(Records from a collection)
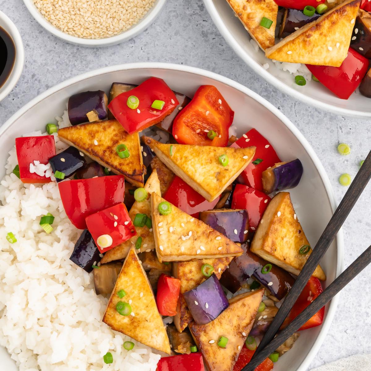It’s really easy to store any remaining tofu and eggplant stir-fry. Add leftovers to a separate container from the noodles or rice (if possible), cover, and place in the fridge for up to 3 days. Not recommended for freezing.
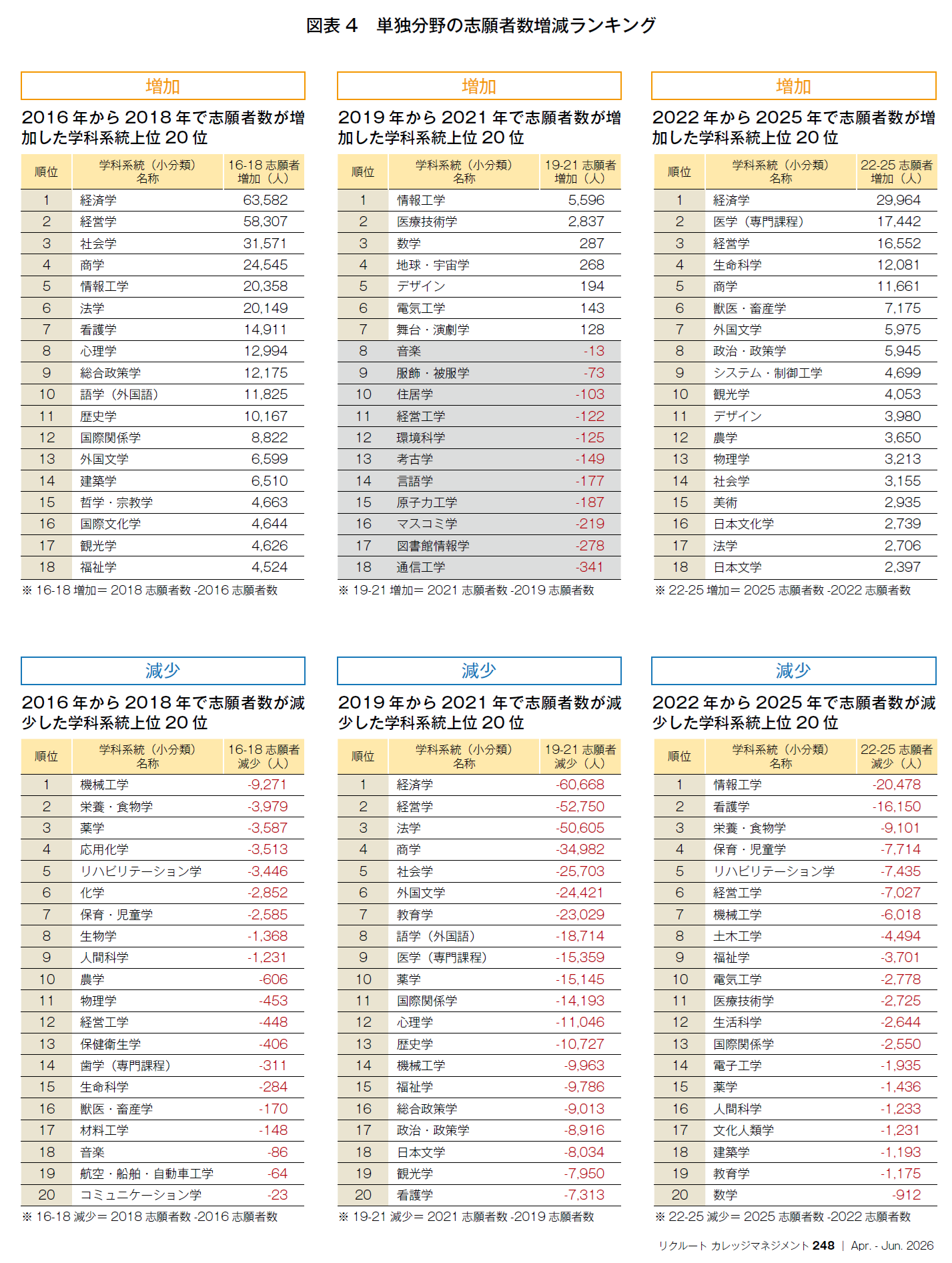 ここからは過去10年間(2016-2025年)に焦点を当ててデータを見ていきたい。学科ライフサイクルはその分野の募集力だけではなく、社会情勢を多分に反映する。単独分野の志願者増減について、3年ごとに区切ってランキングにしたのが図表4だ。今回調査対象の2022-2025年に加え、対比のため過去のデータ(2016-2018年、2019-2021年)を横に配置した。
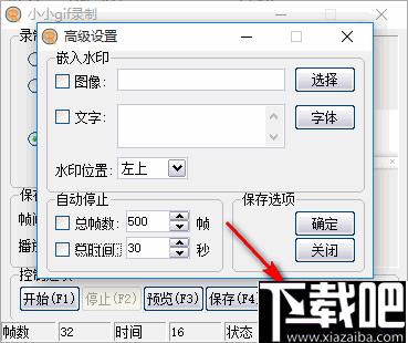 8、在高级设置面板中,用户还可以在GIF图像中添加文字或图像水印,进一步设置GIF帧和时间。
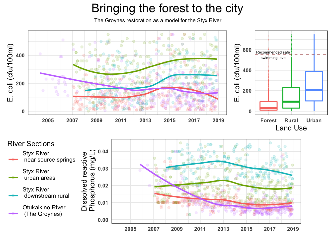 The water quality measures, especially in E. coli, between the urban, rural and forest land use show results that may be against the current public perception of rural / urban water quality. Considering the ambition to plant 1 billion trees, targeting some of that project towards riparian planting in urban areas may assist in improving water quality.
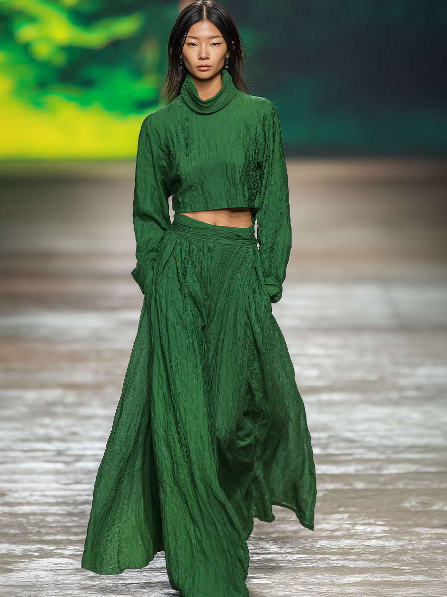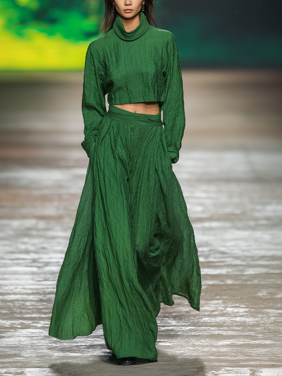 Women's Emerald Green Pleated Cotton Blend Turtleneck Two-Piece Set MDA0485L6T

### Exercise prompt
Transcribe the records above verbatim. Do not carry over any picture.

### Exercise result
It’s really easy to store any remaining tofu and eggplant stir-fry. Add leftovers to a separate container from the noodles or rice (if possible), cover, and place in the fridge for up to 3 days. Not recommended for freezing.
 ここからは過去10年間(2016-2025年)に焦点を当ててデータを見ていきたい。学科ライフサイクルはその分野の募集力だけではなく、社会情勢を多分に反映する。単独分野の志願者増減について、3年ごとに区切ってランキングにしたのが図表4だ。今回調査対象の2022-2025年に加え、対比のため過去のデータ(2016-2018年、2019-2021年)を横に配置した。
 8、在高级设置面板中,用户还可以在GIF图像中添加文字或图像水印,进一步设置GIF帧和时间。
 The water quality measures, especially in E. coli, between the urban, rural and forest land use show results that may be against the current public perception of rural / urban water quality. Considering the ambition to plant 1 billion trees, targeting some of that project towards riparian planting in urban areas may assist in improving water quality.
 Women's Emerald Green Pleated Cotton Blend Turtleneck Two-Piece Set MDA0485L6T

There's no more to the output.